Search code examples
pythondata-sciencexgboost

Shape Mismatch XGBoost Regressor


I have trained an XGBoost Regressor model on data that has a different shape to the test data I intend to predict on. Is there a way to go around this or a model that can tolerate feature mismatches?

The input training data and test data got mismatched during One Hot Encoding of categorical features.
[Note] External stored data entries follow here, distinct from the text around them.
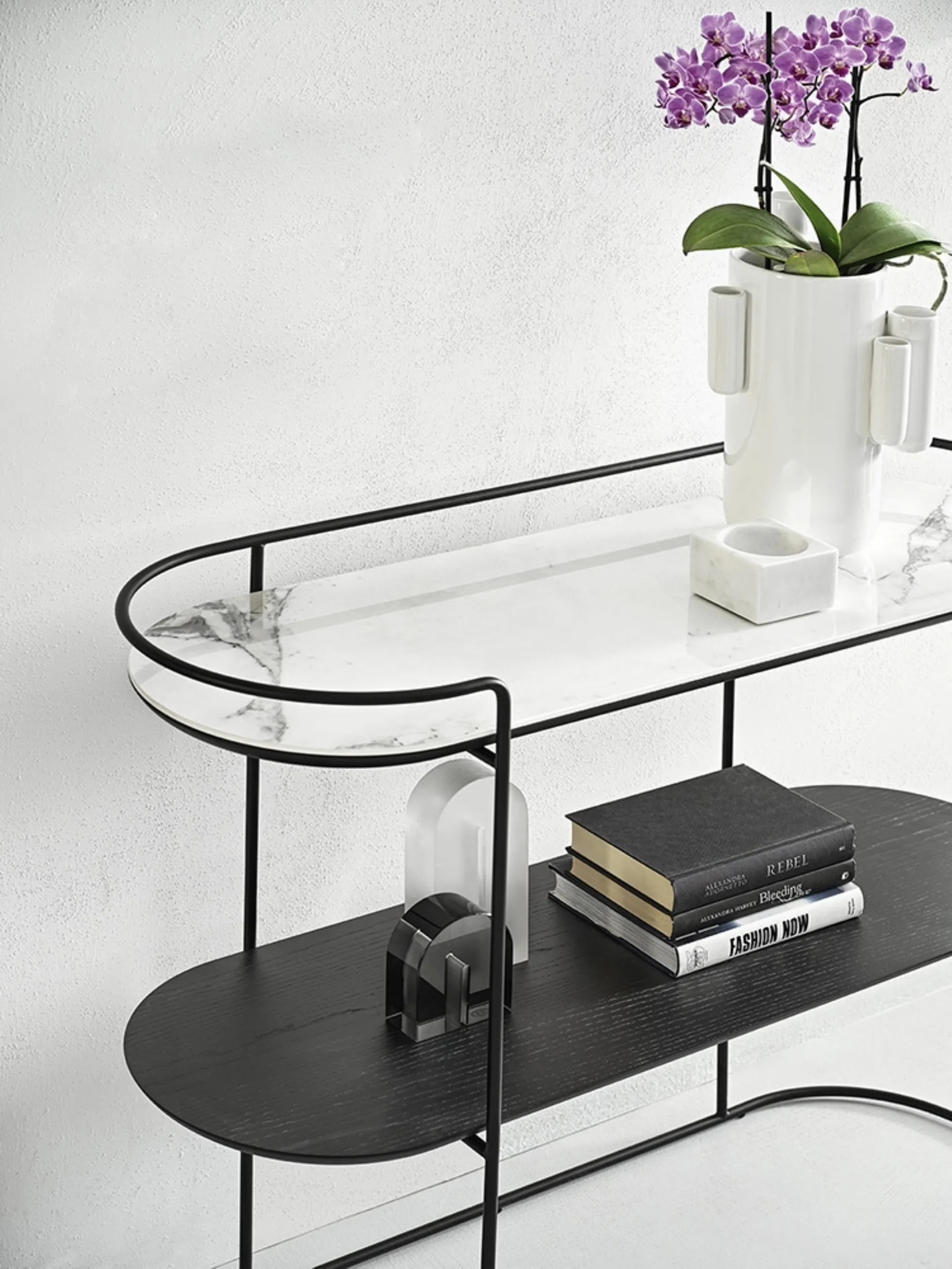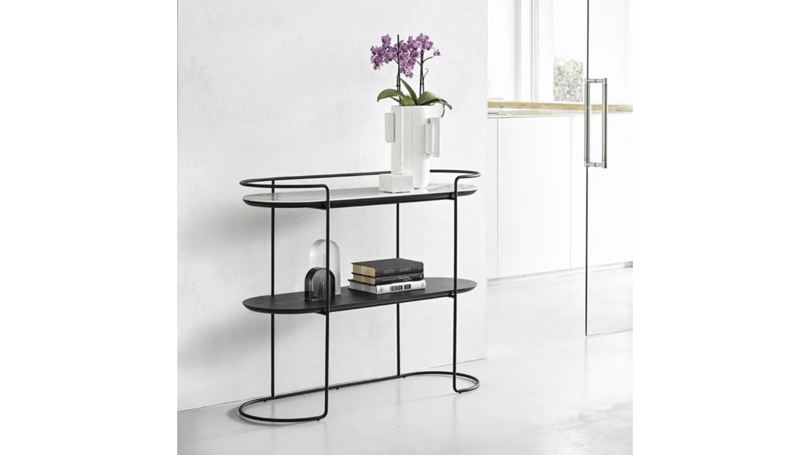 The Atollo ceramic model shown in the photo, one of the Calligaris furniture pieces for modern entrances, is waiting for you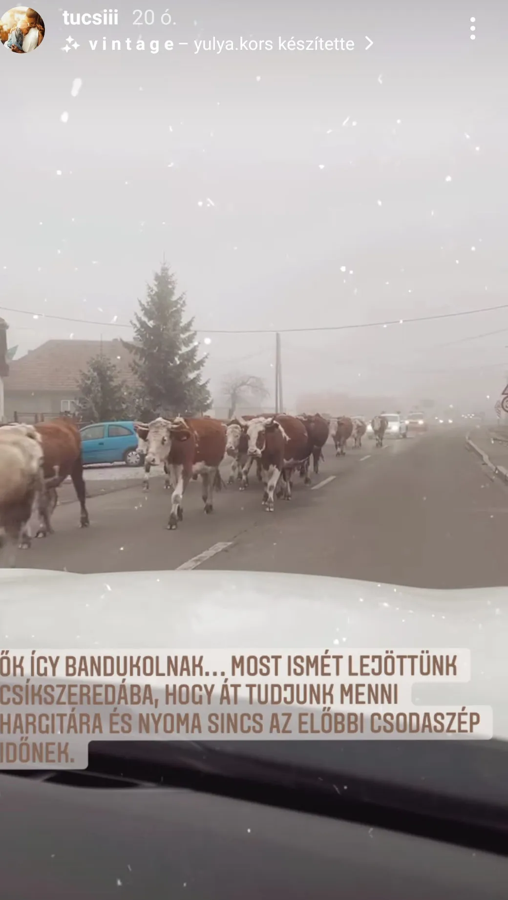 Tücsi azt hitte, hogy ennél nagyobb meglepetésben már nem lehet részük, ám ekkor egy hatalmas tehéncsorda jelent meg a szemközti sávban.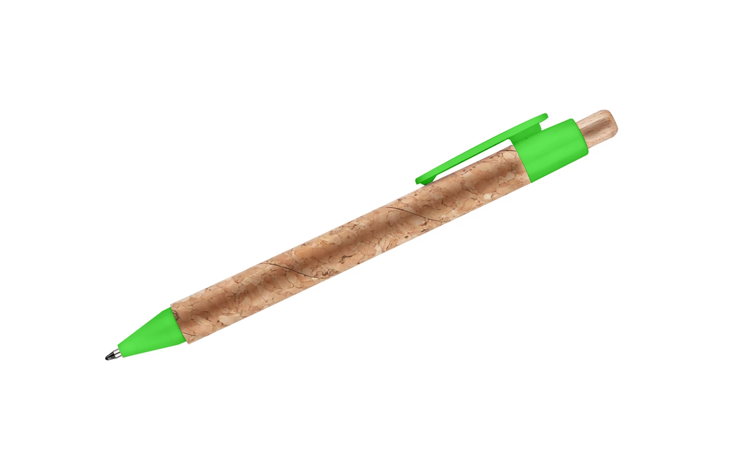 Długopis KORTE nawiązuje swoim wyglądem do idei recyclingu. Korpus został wykonany z naturalnego korka, a przycisk z drewna. Wykończenia z tworzywa sztucznego w żywych kolorach dodają mu uroku. Wkład w kolorze niebieskim.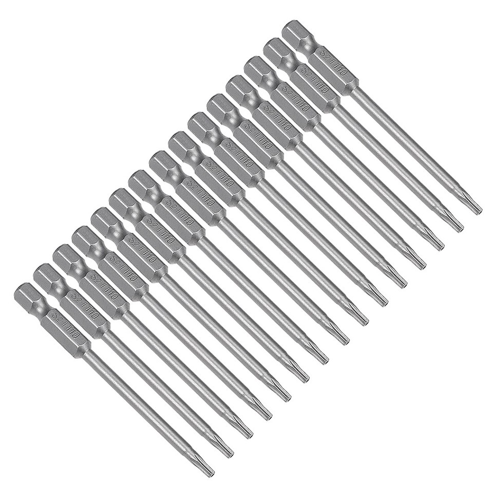 15 Pcs 1/4" Hex Shank TT10 Magnetic Security Torx Screwdriver Bit 75mm Long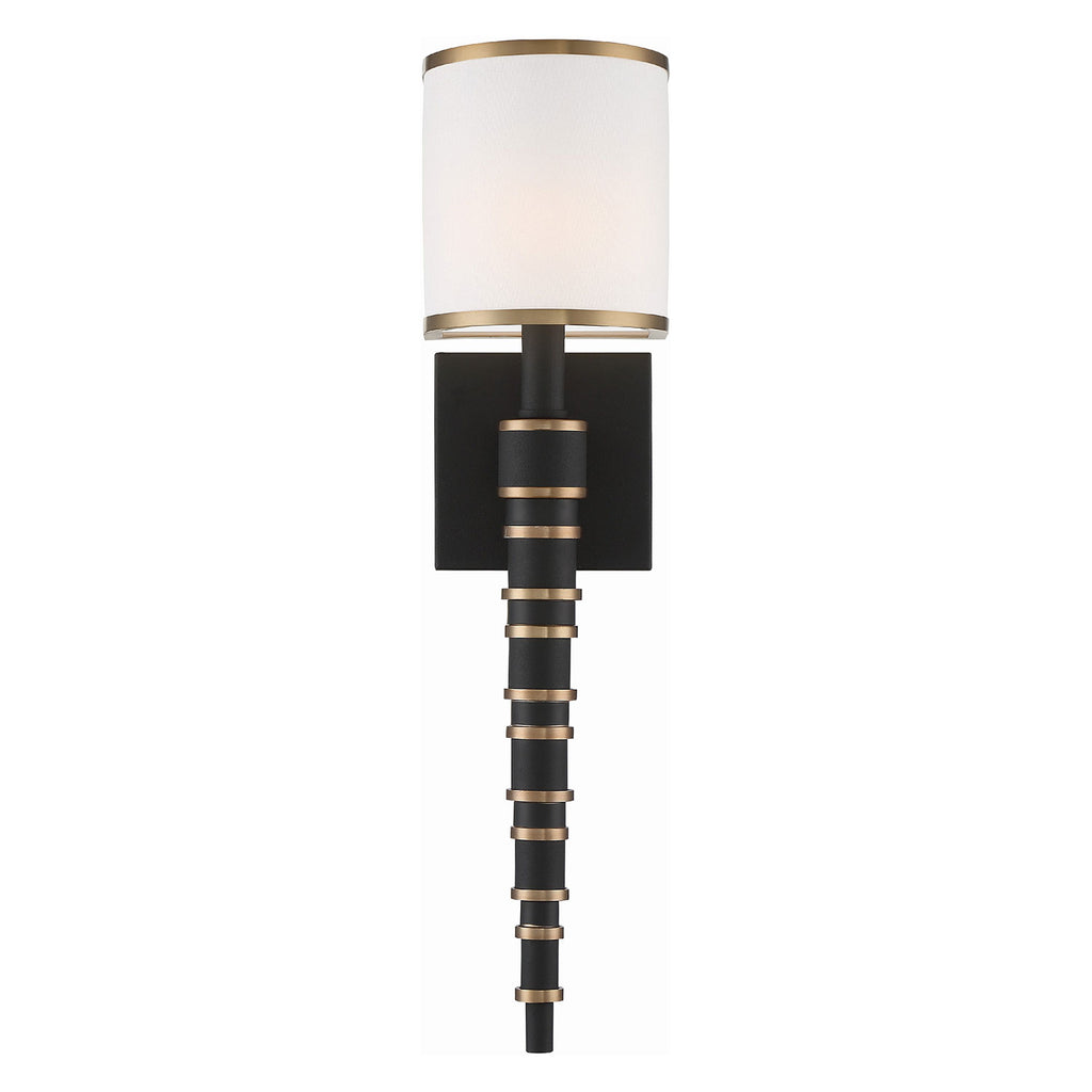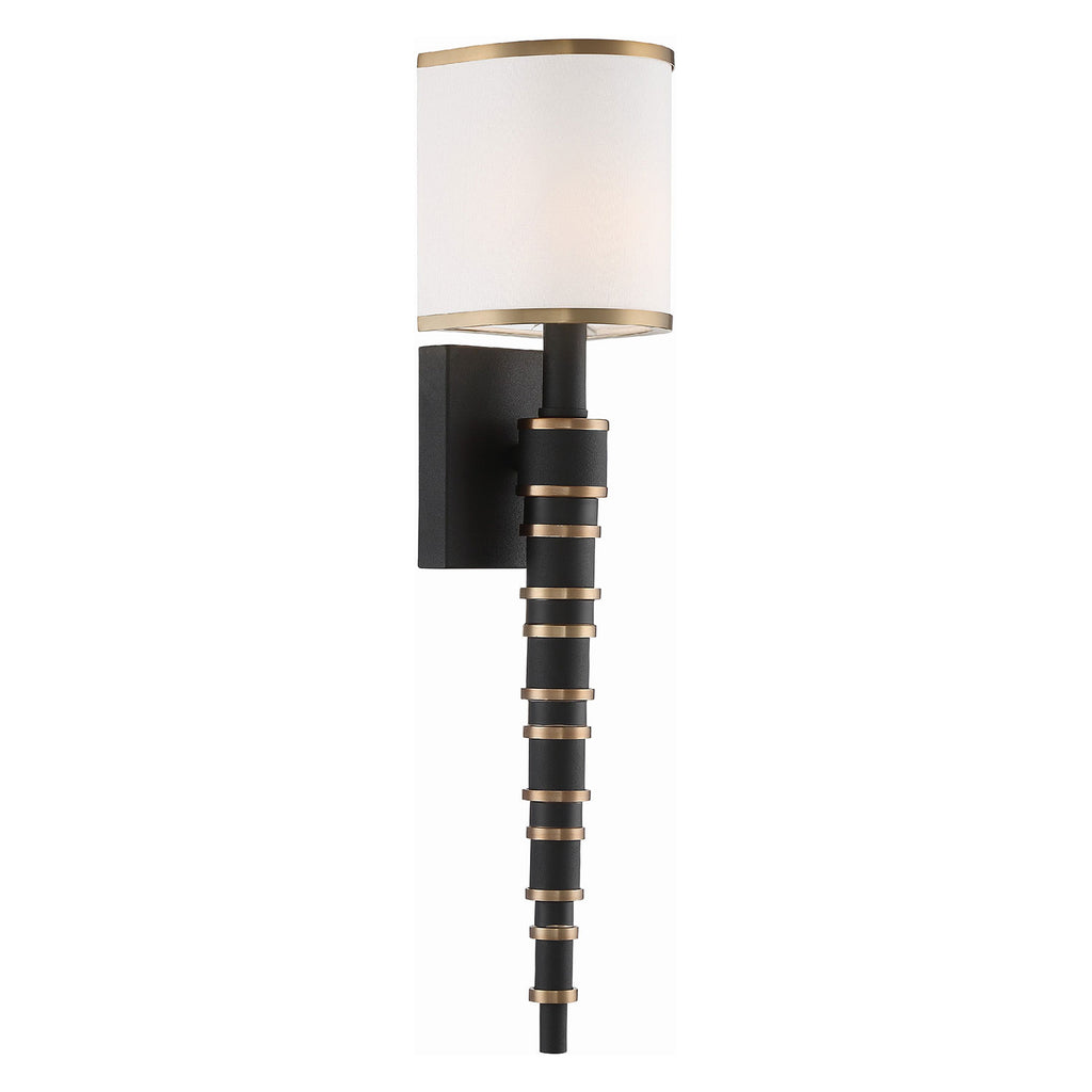 Crystorama is known for its standout lighting, which is exceptional in quality and design. From traditional all-crystal designs to transitional lighting collections, Crystorama offers styles that will match any décor and are always in fashion. Add elegance and sophistication to a room with the Sloane vibrant gold and black forged metal wall sconce. It's elongated tapered arm, and cylindrical white silk shade is an effortless way to add visual interest to your wall. Sloane collection features a versatile modern / contemporary design. A merging of design utilizing minimalist styling and clean lines that add visual appeal to a space. White enclosed glass; shade included. Vibrant Gold metal finish mixed with Black Forged deep black finish provides a vivid splash of contrast to a room's décor. These finishes work beautifully together and perfect for a variety of décor aesthetics.
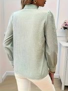 Această bluză prezintă un model cu carouri atemporal, accentuat de un detaliu elegant sub formă de fundă. Mânecile lungi o fac ideală pentru toate anotimpurile. Ușor de asortat, se potrivește atât pentru ocazii casual, cât și profesionale.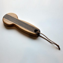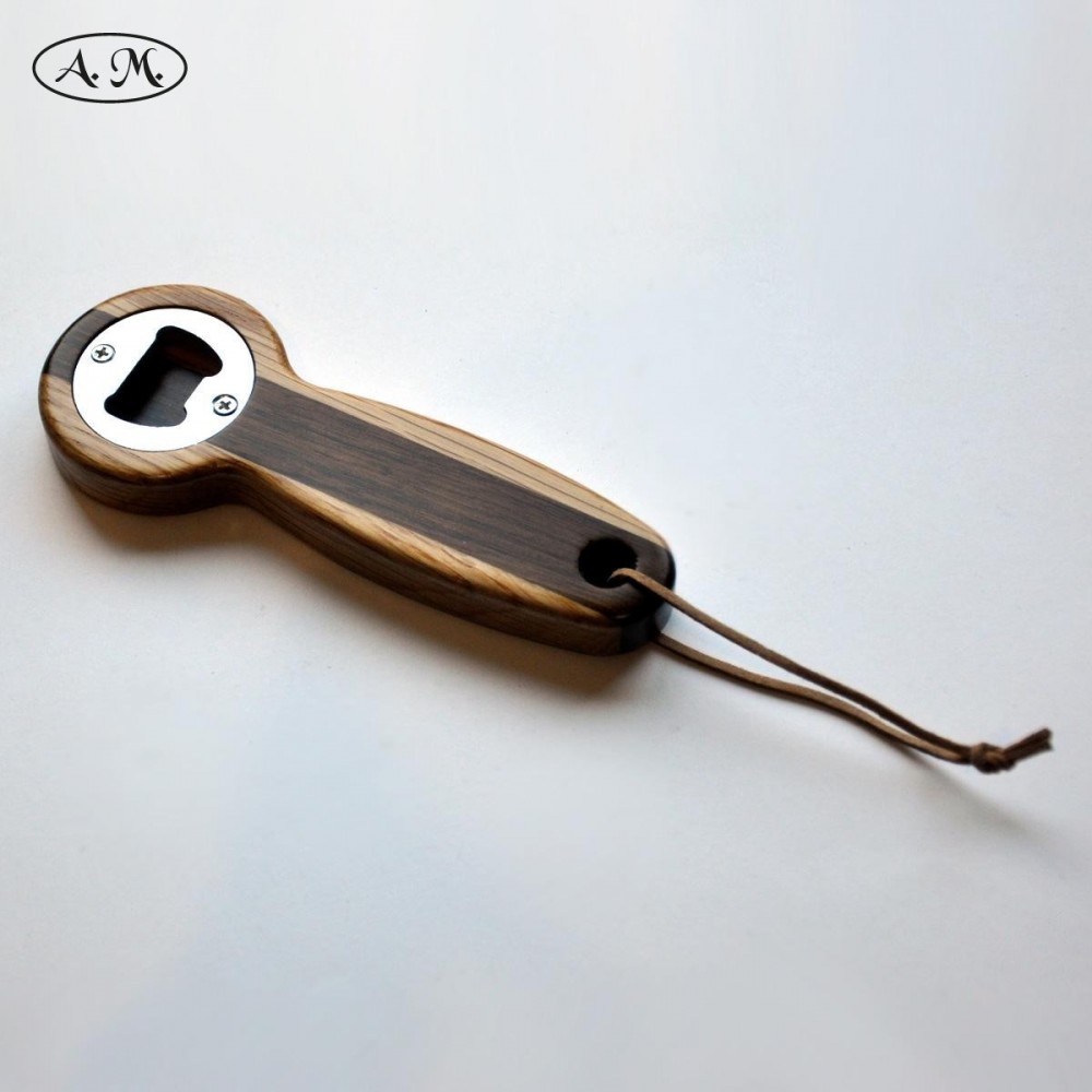 Práctico abridor de mano para quitar la chapa de las botellas. Fabricado en madera natural de mongoy y roble.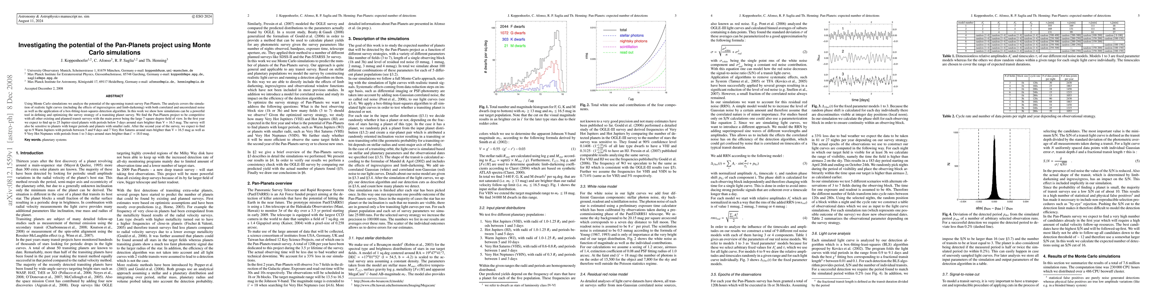 Using Monte Carlo simulations we analyze the potential of the upcoming transit survey Pan-Planets. The analysis covers the simulation of realistic light curves (including the effects of ingress/egress and limb-darkening) with both correlated and uncorrelated noise as well as the application of a box-fitting-least-squares detection algorithm. In this work we show how simulations can be a powerful tool in defining and optimizing the survey strategy of a transiting planet survey. We find the Pan-Planets project to be competitive with all other existing and planned transit surveys with the main power being the large 7 square degree field of view. In the first year we expect to find up to 25 Jupiter-sized planets with periods below 5 days around stars brighter than V = 16.5 mag. The survey will also be sensitive to planets with longer periods and planets with smaller radii. After the second year of the survey, we expect to find up to 9 Warm Jupiters with periods between 5 and 9 days and 7 Very Hot Saturns around stars brighter than V = 16.5 mag as well as 9 Very Hot Neptunes with periods from 1 to 3 days around stars brighter than i' = 18.0 mag.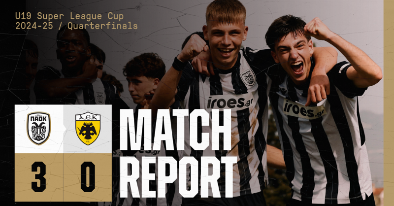 “Καθάρισε” τον προημιτελικό κυπέλλου με την ΑΕΚ η Κ19 με 3-0, στο ματς που έγινε το μεσημέρι του Σαββάτου στη Σουρωτή και προκρίθηκε στον ημιτελικό, όπου θα αντιμετωπίσει τον Παναθηναϊκό.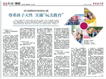 2023年4月3日《中国教育报》刊登《攀枝花市实验幼儿园——尊重孩子天性 实施“玩美教育”》一文,专题报道了攀实幼在35年办园历程中教育改革的实践与探索,通过“玩美教育”之源、“玩美教育”之要、“玩美教育”之基,顺天性、启童真、激潜能,用爱与智慧耕耘着“玩美教育”的希望田野,让幼儿的童年快乐多姿,向阳成长,如花绽放!

best_xgb = xgb.XGBRegressor(base_score=0.5, booster='gbtree', colsample_bylevel=1,
             colsample_bynode=1, colsample_bytree=1, enable_categorical=False,
             gamma=0, gpu_id=-1, importance_type=None,
             interaction_constraints='', learning_rate=0.05, max_delta_step=0,
             max_depth=6, min_child_weight=10,monotone_constraints='()', n_estimators=400, n_jobs=4,
             num_parallel_tree=1, predictor='auto', random_state=0, reg_alpha=0,
             reg_lambda=1, scale_pos_weight=1, subsample=1, tree_method='exact',
             validate_parameters=1, verbosity=None)

best_xgb.fit(X, y)

best_xgb.predict(test_data)

I get the following error: Shape Mismatch Error


Solution

  • Please check where 249-235=14 features are in test data.
    Or fit on same data

    best_xgb.fit(X[test_data.columns], y)